My previous daily carry pistol was by beloved Seecamp LWS380, but truthfully that little sucker has, IMO, pretty harsh recoil and trigger finger slap.

I recently purchase my LCP and after shooting the fine Seecamp and the little Ruger "head to head" I have basically retired the LWS380 to "special occasion" duty.. 

IMO there is no finer, higher quality 380cal. pistol than the Seecamp LSW380, but the extremely tiny size, & short grip almost mandate harsh recoil, and I'd just about as soon bite my tongue or hit my funny bone than shoot the sucker.. There ARE times when only a Seecamp can make the trip, and tiny, and absolutely reliable they are.

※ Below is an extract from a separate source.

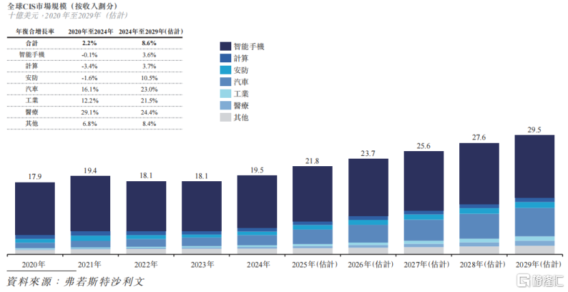 根据弗若斯特沙利文的资料,全球CIS市场由2020年的179亿美元增至2024年的195亿美元,年复合增长率为2.2%,预计将以8.6%的年复合增长率进一步扩大,并于2029年达到295亿美元。

But for daily cc, I'm quite taken with the LCP.. Add a CT Laser to one, and it's even better.

I assure you excessive recoil with the Ruger LCP is NOT a problem for most folks... 

Just personal opinion, no offense to those who might disagree.

Best Wishes,

jesse


----------



## holysmoke

I agree that the LCP recoil is very manageable. The issue that I have had to make adjustments for is the long trigger pull. Had to adjust the way I held the little bugger in order to "finish" the pull. That said, the LCP is a great little pocket gun. And, after all, it isn't a range gun. You only need to be comfortable enough with it to hit your target--up close and personal. I would add that the new Sig P238 has very little recoil, relatively speaking, but it costs more than twice as much and is half again as heavy as the LCP. As someone has already said, "Life is full of compromises."


----------